US space sector equities rallied on IPO speculation. On May 27, Intuitive Machines rose 13%, AST SpaceMobile gained 7%, and Virgin Galactic climbed 10%, per Yahoo Finance. The S&P Kensho Space Index has advanced 54% since January 2026, while the Procure Space ETF saw retail net buying of $3.8 million currently versus a peak of $6.2 million on April 30.

Key Risk Factors
  • Government contracts ($5.9 billion in 2025 from NASA, DoD, intelligence agencies) face political risk from administration changes
  • Starship Flight 12 scheduled for June 2026 with limited margin for error before listing; payload delivery to orbit expected H2 2026
  • Continued ARPU compression in core Starlink business threatens margin expansion despite subscriber growth
  • xAI division burning $10 billion annualized with no disclosed path to profitability

Infrastructure Thesis Meets Market Reality

The offering arrives as Goldman Sachs projects 2026 IPO proceeds could reach $160 billion—a quadrupling from 2025—driven by SpaceX, OpenAI, and Anthropic, according to IndMoney. The clustering of deep-tech listings tests whether public markets will absorb capital-intensive, loss-making infrastructure plays at unprecedented scale.

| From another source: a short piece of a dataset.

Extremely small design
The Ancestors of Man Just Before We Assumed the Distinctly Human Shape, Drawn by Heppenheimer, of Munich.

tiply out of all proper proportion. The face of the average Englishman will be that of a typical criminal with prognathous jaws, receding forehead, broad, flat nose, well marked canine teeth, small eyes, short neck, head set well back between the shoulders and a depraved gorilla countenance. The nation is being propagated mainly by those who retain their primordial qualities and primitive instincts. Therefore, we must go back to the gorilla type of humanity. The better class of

Andres Sheppard, analyst at Cantor Fitzgerald, observed that “the SpaceX IPO is drawing more investors and attention to other well positioned companies in the space industry.” Peter Andersen of Andersen Capital Management noted the listing “has acted as a lens to focus the investment community on space travel and related support systems.”

The commercial validation extends beyond equity markets. American Airlines announced plans on May 26 to install Starlink on 500-plus Airbus aircraft, joining United, Southwest, Qatar Airways, Lufthansa, British Airways, and Alaska as airline partners, per TechCrunch.

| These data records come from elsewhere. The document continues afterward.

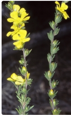
Flowering stems. Sidlings Swamp Flora Reserve south of Eden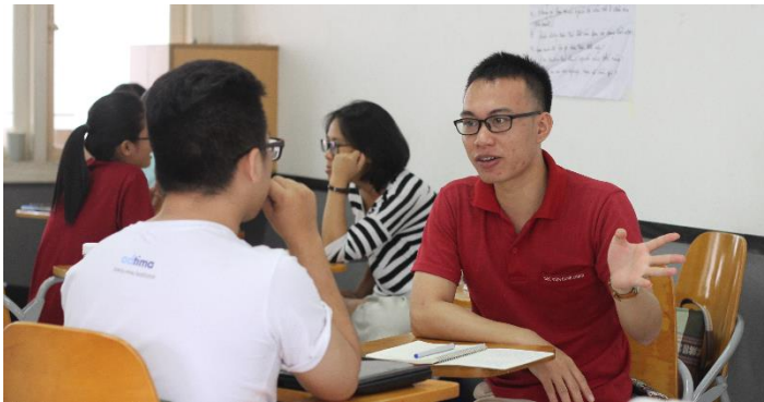
2017-2018 cohort in discussion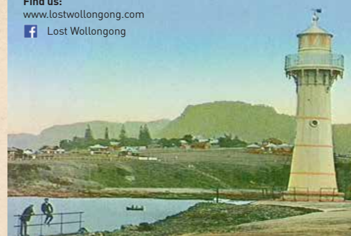
The Wollongong Museum Trail is proudly supported by:

Find us: www.lostwollongong.com f Lost Wollongong

SpaceX vs. Largest Prior IPOs
Company Year Amount Raised Valuation
Saudi Aramco 2019 $29.4B $1.7T
Alibaba 2014 $25.0B $231B
SoftBank 2018 $23.5B $59B
SpaceX (target) 2026 $75B $1.75–2T

What to Watch

Starship Flight 12 execution before the June 12 listing will influence first-day sentiment, as will any supplemental S-1 filings during the roadshow period. Institutional allocation versus retail demand will signal whether deep-tech infrastructure can sustain trillion-dollar valuations at current loss rates. Chinese commercial space IPO timelines—particularly LandSpace’s mid-year target—will indicate whether geopolitical competition accelerates or stalls. Post-lockup insider selling beginning September 2026 could test market depth for what would be the largest secondary supply event in equity market history. Finally, Q2 2026 earnings released during the lockup period will reveal whether AI infrastructure spending continues at $10 billion quarterly run rates or begins moderating as orbital compute infrastructure comes online.